Teens plead not guilty to burning Shakespeare theater
Three Stratford teenagers accused of setting fires on a whim in four communities pleaded not guilty Tuesday to inarguably the most spectacular one: the blaze that burned the American Shakespeare Theater to the ground.
“Not guilty,” 18-year-olds Christopher Sakowicz and Vincent Keller and 17-yearold Caleb Caraballo answered separately as they stood before state Superior Court Judge Earl Richards in Bridgeport answering to arson, burglary and reckless endangerment charges.
They each asked for jury trials. The case was continued to May 23.
“We have reached the point where all the warrants have been served and we now have a clear view of the allegations,” Keller’s lawyer, Frank Riccio II, said later. “We will evaluate the evidence and continue to follow the process in court.”
But Caraballo’s lawyer, Matthew Maddox, said he is still questioning his client’s role in the crimes.
“There is still a great deal of discovery that has to be completed,” Maddox said.
Sakowicz’s lawyer, Public Defender Joseph Bruckmann, declined comment.
In addition to the Jan. 13 fire that destroyed the American Shakespeare Theater in Stratford, the three teens are charged with the Jan. 15 fire in a vacant building at the Southbury Training School, the Feb. 8 fire in a vacant house on Richards Place in West Haven, the Feb. 17 fire at the former Bilco Co. in West Haven, the March 9 fire at Good Earth Tree Care on Longbrook Avenue in Stratford that destroyed a truck and the March 24 fire that damaged construction trailers at Silver Sands State Park in Milford.

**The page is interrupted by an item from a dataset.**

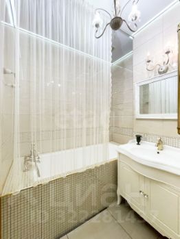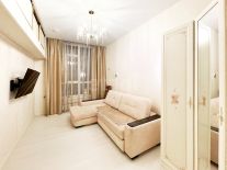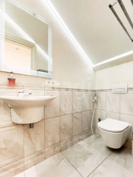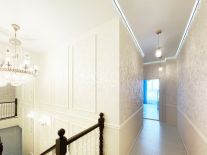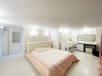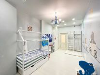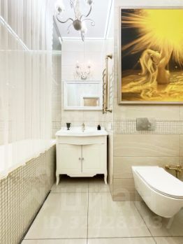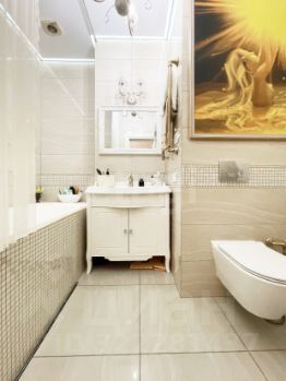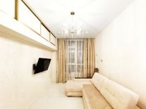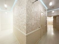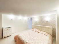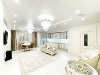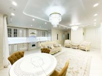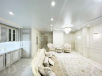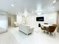 - Дизайнерский ремонт из качественных материалов: пол покрыт ламинатом, в коридорах и санузлах плитка, потолки натяжные с точечными светильниками, стены оклеены высококлассными обоями.
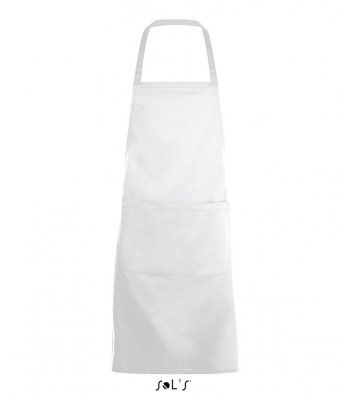 Polycotton Bib apron with large front pocket and self fabric neck tie.

A fourth teen has also been charged in connection with at least some of the fires but he is being treated as a juvenile and has not been identified publicly.
Following the theater fire, police said the teens posted a video admitting they set the fire on SnapChat that was circulated around Bunnell High School in Stratford, where both Sakowicz and Keller are seniors.
Police said Sakowicz and Keller later admitted to setting the fires.
“During the interview, Christopher (Sakowicz) became very animated and excited talking about fire and different patterns fires make in various settings,” police said.
Police said Sakowicz told them that the teens had broken into the theater basement through an unlocked rear door and that he had lit the fire using gasoline he had brought with him. On the way out of the burning theater, Sakowicz told police he had grabbed a security alarm panel as a souvenir.
Sakowitz and Keller later rode their bicycles to the theater site to watch it burn, police said.